5) Reach out to family and friends that you know are struggling or may be directly impacted by world events
6) Practice Gratitude. I’m grateful to live in a country where I can think and do what I want. I’m grateful for my health, the roof over my head, and access to clean water and nutritious food.
7) Practice Loving Kindness Meditation. This Buddhist practice is helpful during difficult times and cultivates our compassion and connection to all beings. I end my morning meditation with this and send loving kindness to my loved ones. Sometimes, I focus the prayer on myself, and now I’m extending it to everyone and hoping for peace. Read my blog, Loving Kindness Meditation/Prayer, which provides instructions.
I felt blah until we participated in a community event on Saturday night called the Firelight Lantern Festival. There was a spectacular fire performance, and 100’s of people marched on Main Street with many delightful costumes and light installations. It has been a long time since I experienced such collective joy and fun. My face was sore from smiling, and my heart and soul are still delighted.

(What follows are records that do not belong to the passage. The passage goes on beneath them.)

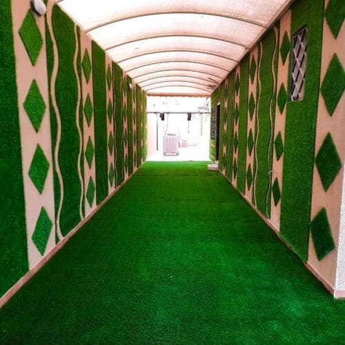 توريد وتركيب جميع أنواع العشب الصناعي (العريض – النحيف – المتداخل) لحدائق المنازل والأسطح والفلل والقصور والملاعب. العشب أو الثيل الصناعي لا يحتاج إلي جز أو عناية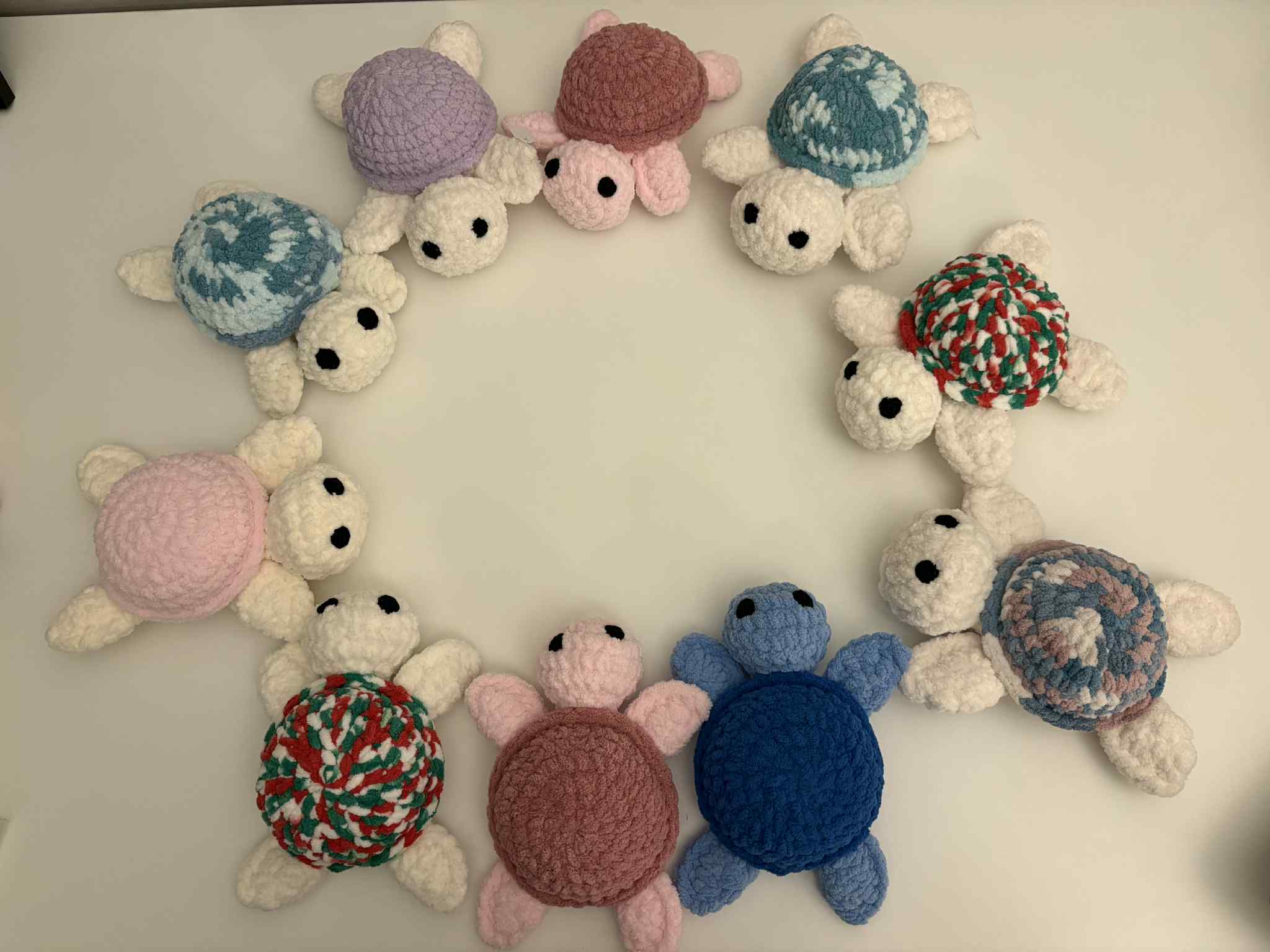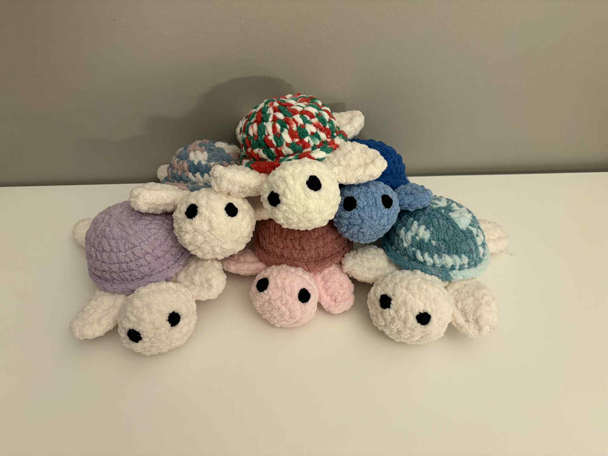 These adorable crochet turtles come in a variety of colors and are handmade with care. Each turtle features a charming shell and little legs, making them a perfect gift, collectible, or fun addition to any crochet critter collection.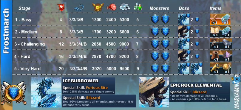 Credit by PlayForFun This is a Challenge Event lasts for 4 days, and each stage reflects Ice or Nature elements. Beowulf Hero Use Bonus The use of Beowulf Heroes in a given stage of the Beowulf Challenge Challenge Event will give a bonus to those heroes. Specifically: Heroes of the Masked God family bypass the Elemental Barriers in this Challenge Event’s stages Heroes of the Beowulf family bypass the Elemental Barriers in this Challenge Event’s stage, and have increased attack, defense, and health (+20%) in this battles. Beowulf Challenge Special Gameplay Fearsome Foes All enemies gain +25% defense against Special Skills. When hit by an enemy, the Hero receives 360 Bleed damage over 3 turns. Call to Glorious Battle Every 3 turns, all Heroes gain 15% mana. They also gain the following status effect buffs for 1 turn: +100% additional power for Special Skill attacks. +50% increase of any healing received. Summons Costs Like all other Event Summon Portals, the Portal Cost is per below: Single Summon 10x Challenge Coins OR 350 Gems 10x Summon* 3000 Gems Summoning Appearance Rates Classic Heroes Rare Classic Hero: 53.1% Epic Classic Hero: 19.8% Legendary Classic Hero: 1.2% Trainer Heroes: Rare Trainer Hero: 10.0% Epic Trainer Hero: 1.0% Event Heroes: Rare Event Hero: 7.9% Epic Event Hero: 5.7% Legendary Event Hero 0.3% (Non Featured) Legendary Featured Event Hero 1.0% BONUS DRAW Legendary Hero of the Month: 1.3%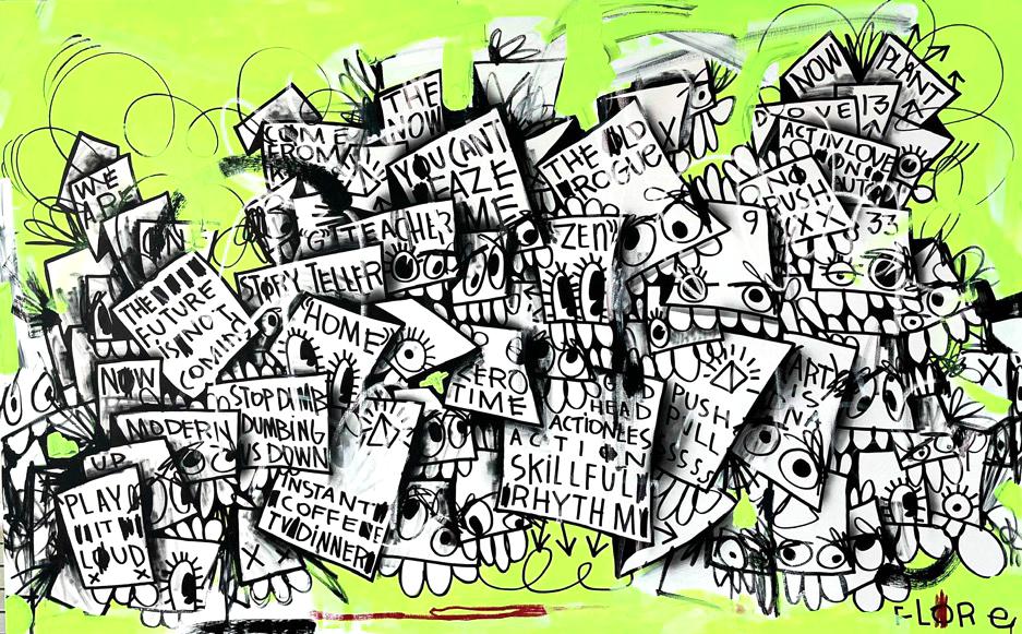 Flore’s passion for painting and love for art history is prevalent in his works, his distinct style merges pop art and street art together. Using written words with layers upon layers of meaning both partially concealed and exposed, the artist attempts to deconstruct and reveal those layers for what they really are.

We are going to a play on Friday night, and every day, we ensure that we take a walk, even if it’s only for 10 minutes. We recently watched the movie A Man Called Otto, and felt deeply touched and inspired by the story. Do not dwell on despair or get pulled into arguments about world events. Focus on whatever brings you happiness and hope. Be with those you love and lean into joy.
Take good care of yourself. Peace and blessings.